Nationalism and Your Personal Life: How Privacy Will Reach Its Market Inflection

This week I had the pleasure of guest lecturing for Professor Meera Venkatraman’s course on The Business of Social Media at the Sawyer Business School of Suffolk University. It is simply not possible to have a serious focus on the future of digital marketing without being connected to academic programs like this. You’ll see why as this story unfolds.

I was there on the course’s last day to talk about Web 3.0: The Wave That Follows Social. Makes sense, right? They’d focused on social marketing, and now I was helping frame it in the larger context of ongoing innovation.

And that innovation involves business and social layers that combine to create or stifle waves of digital innovation. Privacy is the pivotal issues for Web 3.0’s success, just as the CDA’s Safe Harbor provision has been the enabler for social media, and Fair Use was a legal enabler of the Web’s early days. This socially savvy bunch dug right into our culture’s open questions on privacy.

Is Consumer Privacy Online a Quaint Fallacy?
The class broke into two camps on this. One side thought privacy might become a competitive differentiator. If you have a choice of which free email, search engine, or discount program you join, why not the one that respects your privacy?

The other camp thought privacy was simply a non-issue to  most consumers. They parted lightly with their rights in terms of use, because to some degree they acknowledged that a lack of privacy is a given in digital life. Then the story of Anna Bolotovsky came up.

When they heard how Google had used Anna’s name and a theme from her private email in its advertising, they saw a real issue. Even if the terms she agreed to allowed such use, the class agreed Google was responsible for at least restrained use, and even to make a reasonable attempt to notify her or seek explicit permission for the specific use.

The Power of Digital Media Is to Spy
As an enterprise marketer, one of my happiest days was the first time I could identify my web visitors by name and company as they hit my B2B site. It was like watching blood circulating around the body. Now imagine having that vision across a huge chuck of the Net.
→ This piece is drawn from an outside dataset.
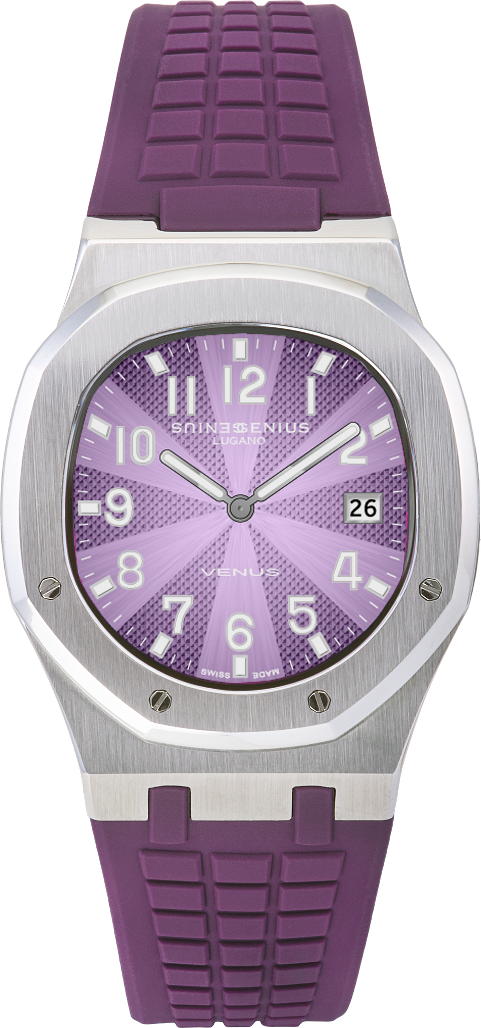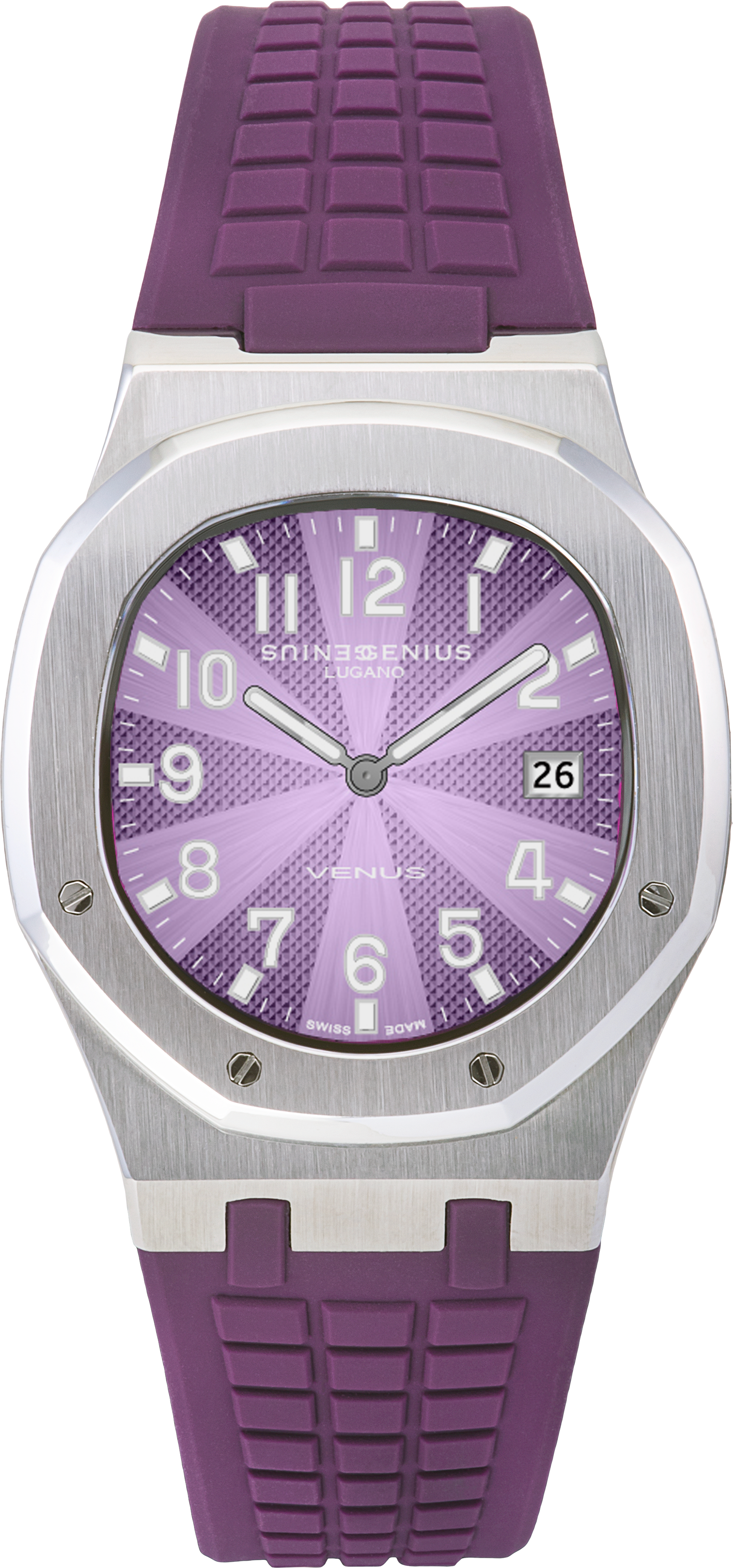 VIOLET, CHIFFRES RADIAL GUILLOCHE' ET SUNRAY AVEC INDEX/DATE

One of the tenets of Web 3.0 is that over the last 15 years, internet traffic has consolidated.  According to Comscore, in 2002 about 20 percent of Net traffic went to the 10 most popular sites. Now that number is 75 percent. And the data and intelligence these sites have about you is overwhelming.

Will All Your Privacy Belong to China, India, or Russia?
Currently, social media businesses are overwhelmingly US-owned. But this reality is not permanent, and economic forces almost certainly assure us this will change. In Prof. Venkatraman’s class, we imagined the impact of a firm backed by a foreign government (say China, Russia, or Saudi Arabia) buying one of the platforms Web users increasingly rely on.

Since the US government is currently seeking back doors into the major online social networks for data scraping, it’s not at all alarmist to expect that any acquiring foreign national would provide a full API to their national intelligence services, just as we’re seeking to do. Governments and corporations both seem to want minimal user privacy; they just have slightly different motives.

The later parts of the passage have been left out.